Hird was born in Ashby, Lincolnshire (now part of Scunthorpe) to Robert and Fanny Dennis Hird née Kendall. He was the second of five sons, though only three survived to adulthood. In later life he became known by his middle name, Dennis, this being the maiden name of his maternal grandmother, Fanny Kendall. The Kendall family, who was well known in Ashby, was credited as the main instigators in bringing Primitive Methodism to the hamlet. Six of Dennis's maternal uncles were ordained ministers in this faith, along with a cousin, Holliday Bickerstaffe Kendall. The Hird family were also Methodists and well known in the hamlet. Robert Hird was a grocer and Hird Terrace (no longer standing) was once named after the family. Primitive Methodism was a big influence in Dennis's early life and may be the spark for his socialist tendencies, as it was more favoured by the working classes of the time.

==Ministry==
Hird was educated at Oxford as a non-collegiate student, graduating BA in 1875 (MA in 1878).

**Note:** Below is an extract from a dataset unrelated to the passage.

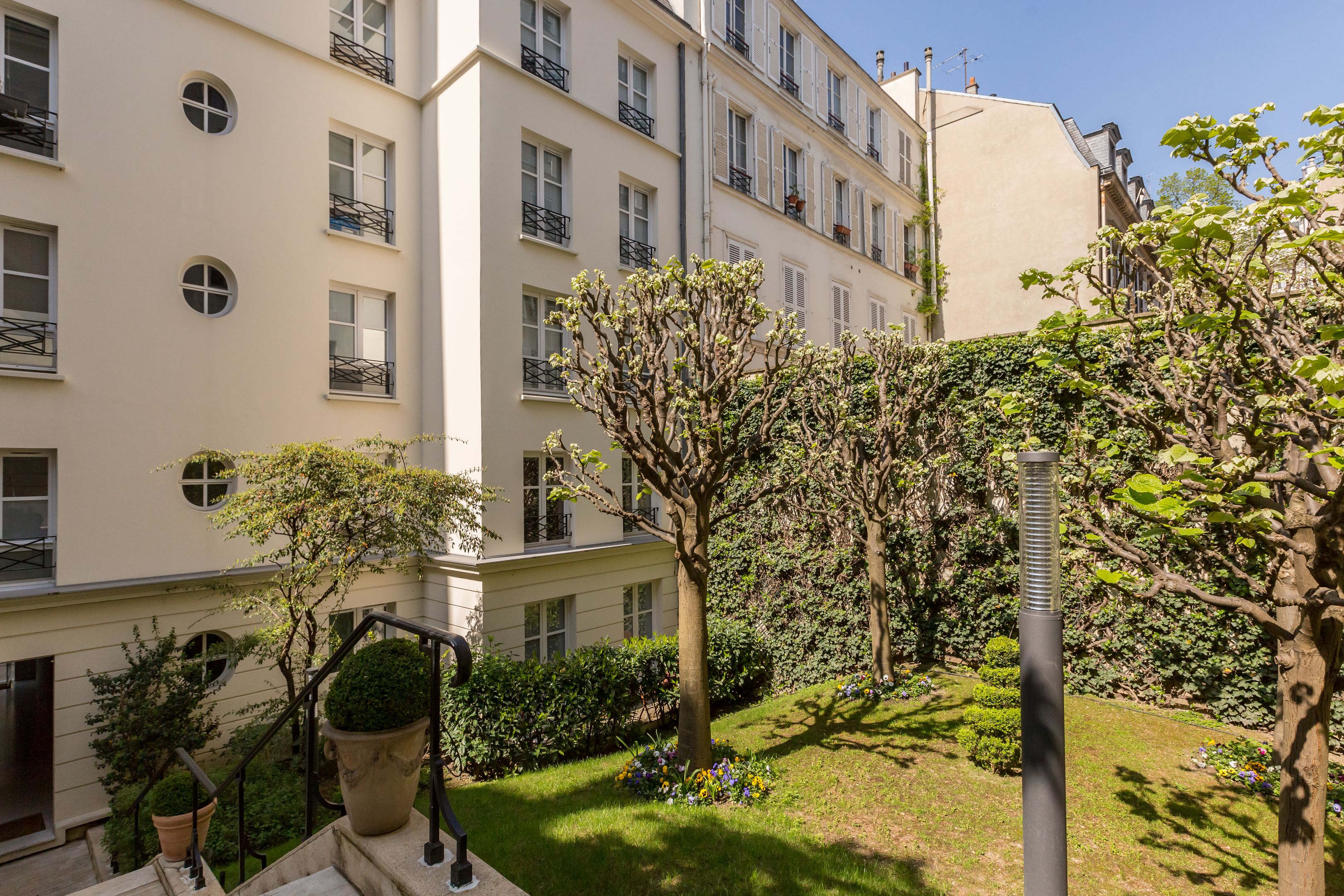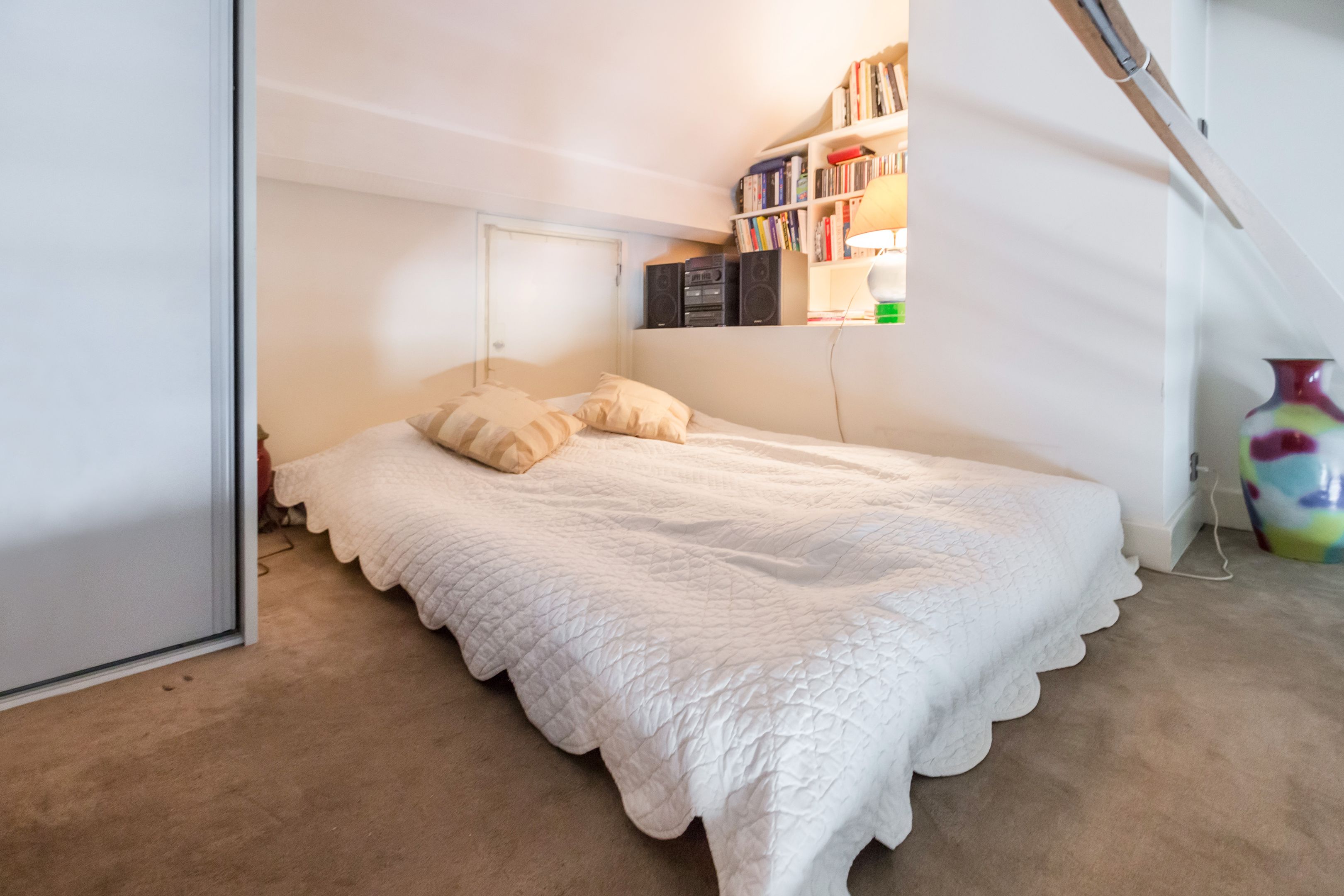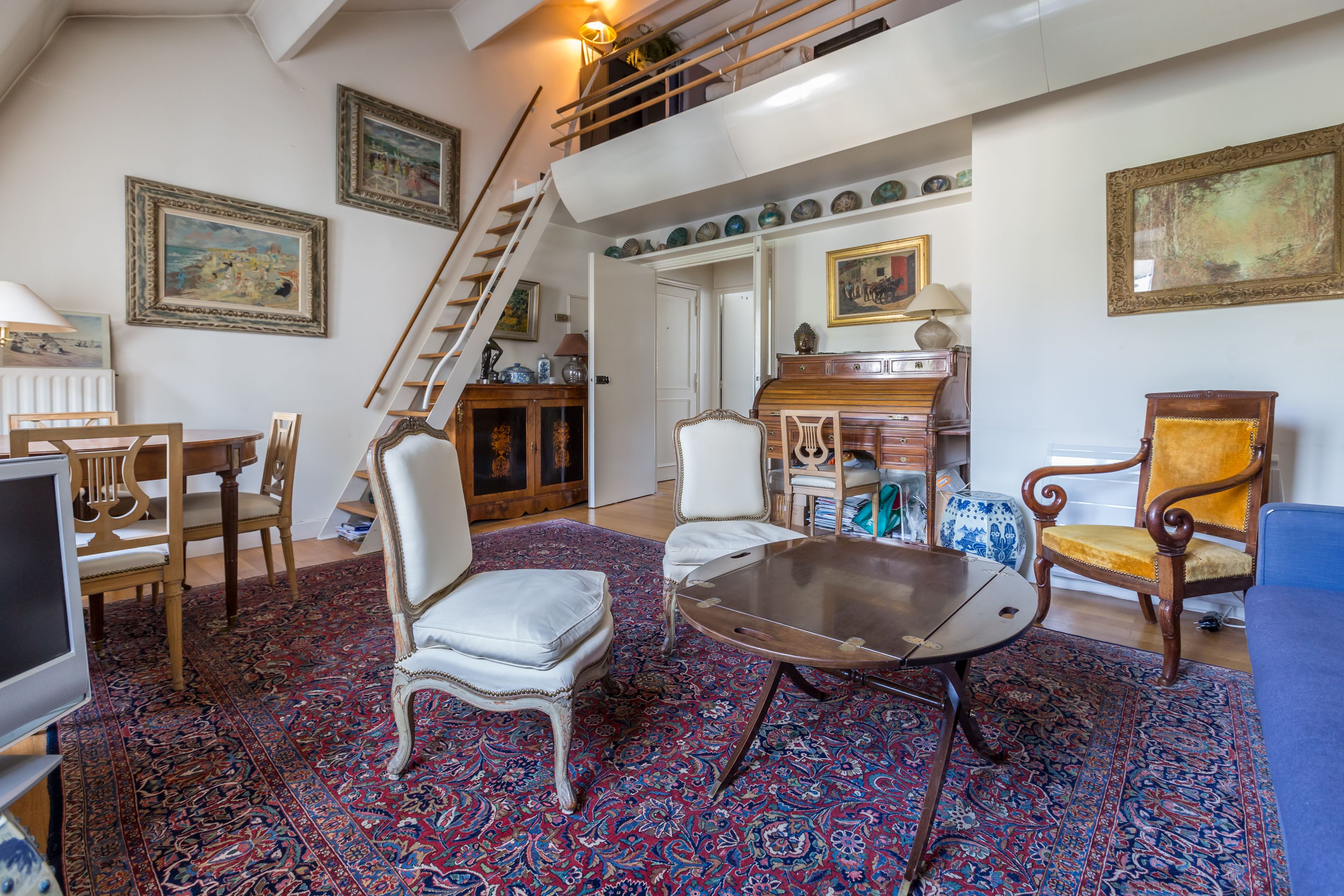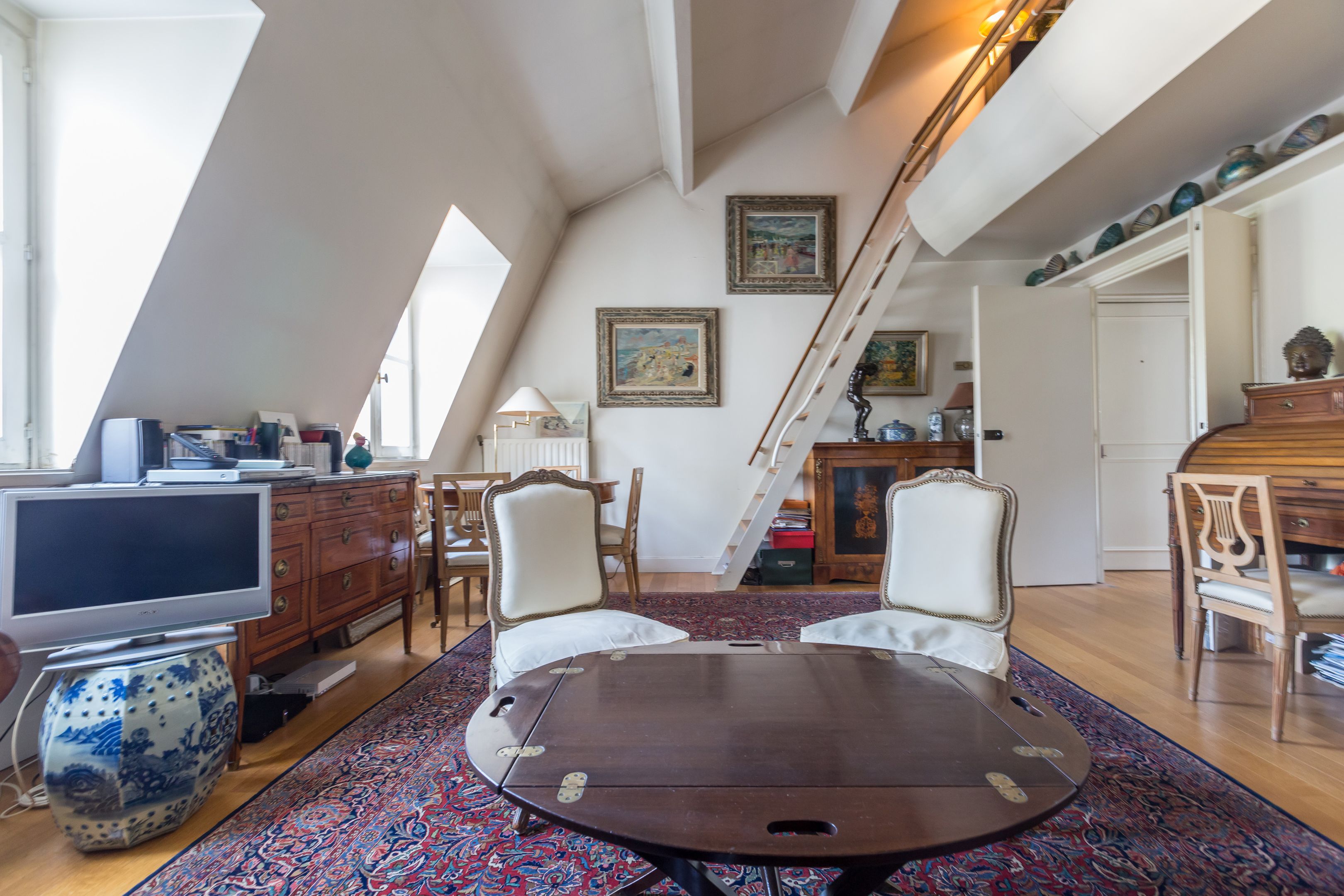At the foot of the Catherine-Labouré garden, in a perfectly maintained middle-class building, luxury 57.72 m² (41.71 m² Loi Carrez) apartment on the 5th and top floor, served by elevator, with views over the roofs of Paris, unoverlooked and enjoying absolute calm. Entrance hall, living room, mezzanine office, separate kitchen, bedroom, shower room, storage space, toilet. Cellar. Parking space in 1st basement in addition to sale price.

In December 1884, Hird was ordained as a Church of England deacon and appointed to St Michael and All Angels, Bournemouth. Then a year later he was ordained as a priest and appointed curate of Christchurch, Battersea. Hird's talents and oratory skills were soon recognised and it was decided he could better serve the church in the role of General Secretary of the Church of England Temperance Society (C.E.T.S.) and London Police Court Mission for the Diocese of London, to which he was appointed in October 1887. When it was discovered that Hird was a member of the Social Democratic Federation in 1894, he was forced to resign from the Temperance Society. He was removed from London to become rector of Eastnor, Herefordshire.

==Educational activism==
Hird was a member of the Socialist Educational Association, and in 1896 resigned his church. In 1899 he was chosen to be the first principal of Ruskin College, Oxford. The college's governing charter required the institution to show "neutrality in religion and politics", however, Hird, who was described as "a man of a forcible and attractive personality, ...known also to hold Nationalist and Socialist views of an advanced type" was found to be using the college for propagandist purposes and was dismissed from his post in 1909. His sacking from Ruskin led to a students' strike, and he became warden of the Central Labour College established by trade unions to provide independent working class education.

==Works==
- The Guide to C.E.T.S. Work in the London Diocese. London: Church of England Temperance Society, 1890.
- Church of England Temperance Society, Junior Division. Health, Wealth and Temperance. Westminster: Church of England Temperance Society, 1890.
- Temperance Reader. London: Cassell, 1890.
- Toddle Island: Being the Diary of Lord Bottsford, London, 1894. (by Lord Bottsford, pseud. of James Dennis Hird).
- Wife-lending, How to Preserve the Poor, etc. London: Reeves, 1894. (by Walter James, pseud. of James Dennis Hird).
- A Christian With Two Wives. London: Watts, 1915.
- Pulpit Science: Is Immortality a Physical Fact? London: Wilson, 1897.
- In Search of a Religion. London: Wilson, 1897.
- Palaestra Oxoniensis : Palaestra Logica. Oxford, 1899. (with W. H. Forbes)
- Was Jesus Christ a Ritualist? London: Watts, 1900.
- The Believing Bishop. London, 1901. (by Havergall Bates, pseud. of James Dennis Hird)
- An Easy Outline of Evolution. London: Watts, 1903.
- A Picture Book of Evolution, vols. 1-2. London: Watts, 1906-07.
- From Brute to Brother. London: Clarion Press, 1908.
- Shear My Sheep. London: Fifield, 1908.
- Jesus the Socialist. London: Clarion Press, 1908.